Świadectwa i świadkowie. Zbrodnia katyńska 1940 r.

Pod takim tytułem odbyła się  w MIIWŚ w dniu 25 maja konferencja poświęcona zbrodni katyńskiej 1940. O zbrodni wszyscy wiedzą wszystko. Kiedyś w PRL temat zakazany, dzisiaj wydaje się, że już wszystko zostało ujawnione i opublikowane.  Konferencja jednak skupiła się na świadectwach tamtego czasu i ukazała dowody mniej znane takim laikom jak ja.
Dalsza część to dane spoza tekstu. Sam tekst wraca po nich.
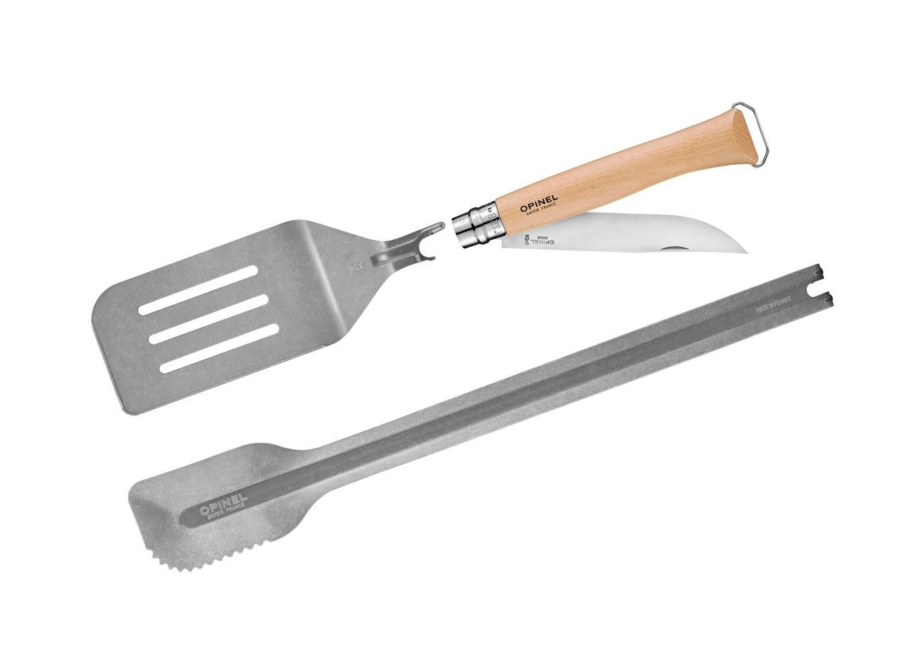 Das Grillset ist der zeitlose Begleiter für gesellige und köstliche Momente. Es ist nützlich und effizient und besteht aus drei Utensilien, die in Frankreich mit Materialien aus der Nähe hergestellt werden: Das Klappmesser Nr. 12 B: eine neue Messergröße mit einer 16 cm langen Klinge aus rostfreiem Stahl und einem Griff aus robustem Buchenholz aus französischen Wäldern. Es ist mit einem Virobloc-Sicherungsring ausgestattet, der die Arretierung der Klinge in geöffneter oder geschlossener Position ermöglicht. Zudem verfügt es über einen Flaschenöffner am Griffende, mit dem man Flaschen öffnen, aber an dem man auch das Messer aufhängen kann. Der Pfannenwender +: Der Pfannenwender aus Edelstahl mit Stonewashed-Finish wird auf den Griff des Messers Nr. 12 B gesteckt und mit dem Ring arretiert. Die große Oberfläche (8,5 cm x 20 cm) ermöglicht ein schnelles Aufnehmen von Lebensmitteln. Er hat einen schmalen Winkel und eine abgeschrägte Kante auf beiden Seiten zum Trennen oder Schaben. Die XL-Zange : Die Zange aus Edelstahl mit Stonewashed-Finish ist 40 cm lang und sorgt für eine einfache und sichere Handhabung. Ihr asymmetrischer Kopf ermöglicht es, große Stücke mit dem gezackten breiten Winkel und kleinere mit dem schmalen Winkel zu greifen. Sie besitzt außerdem am Ende über einen Rostheberschlitz.

Po napaści wojsk ZSRS na Polskę w 1939 roku w sowieckiej niewoli znalazło się 250 000 polskich żołnierzy i funkcjonariuszy służb mundurowych. Z tej grupy sowieci wydzielili oficerów, policjantów, urzędników i żołnierzy rezerwy (lekarze, prawnicy, wykładowcy, nauczyciele, inżynierowie, dziennikarze), których osadzono w obozach w Ostaszkowie, Starobielsku i Kozielsku. 5 marca 1940 r. najwyższe władze ZSRS podjęły decyzję o ich rozstrzelaniu, rozkaz wydano 22 marca. Pierwszy transport ruszył 3 kwietnia z Kozielska do uroczyska Kozie Góry w lesie katyńskim. Zaraz potem ruszyły kolejne: z Ostaszkowa do Miednoje i Starobielska do Charkowa. Masowe groby są również w Bykowie i Kuropatach. Więźniowie myśleli, że są przewożeni bliżej domów. Zbrodnia pochłonęła 22 000 ofiar

Tyle tytułem krótkiego wstępu. Konferencja była podzielona na dwa panele.

Panel I  – prelegenci:

  • dr Witold Wasilewski IPN Raport Komisji Raya Maddena
  • mgr Krzysztof Łagojda Uniwersytet Wrocławski Pamięć archiwów rodzinnych
  • prof. dr hab. Anna Drążkowska UMK w Toruniu Mowa artefaktów
  • prof. dr hab Danuta Jastrzębska-Golonka UKW w Bydgoszczy Pamiętniki ofiar

Panel II – prelegenci:

  • dr Ewa Kowalska Muzeum Katyńskie Pozostać sobą. Listy i karty wydobyte z mogił
  • dr hab. Sławomir Cenckiewicz WBH w Warszawie Wasilij Zarubin – architekt operacji katyńskiej i rezydent wywiadu sowieckiego w Stanach Zjednoczonych
  • mgr Michał Kozłowski WBH w Warszawie Juliusz Bardach – kłamca katyński
  • prof.  dr hab. Tadeusz Wolsza IH PAN w Warszawie Trzy filmy katyńskie 1943-1953

This slideshow requires JavaScript.

Postaram się przedstawić główne tezy wszystkich wystąpień.  Niektóre fakty – mimo tej wiedzy „wszystkich o wszystkim” – wstrząsające! Niektóre pamiętniki pisane 10 minut przed egzekucją!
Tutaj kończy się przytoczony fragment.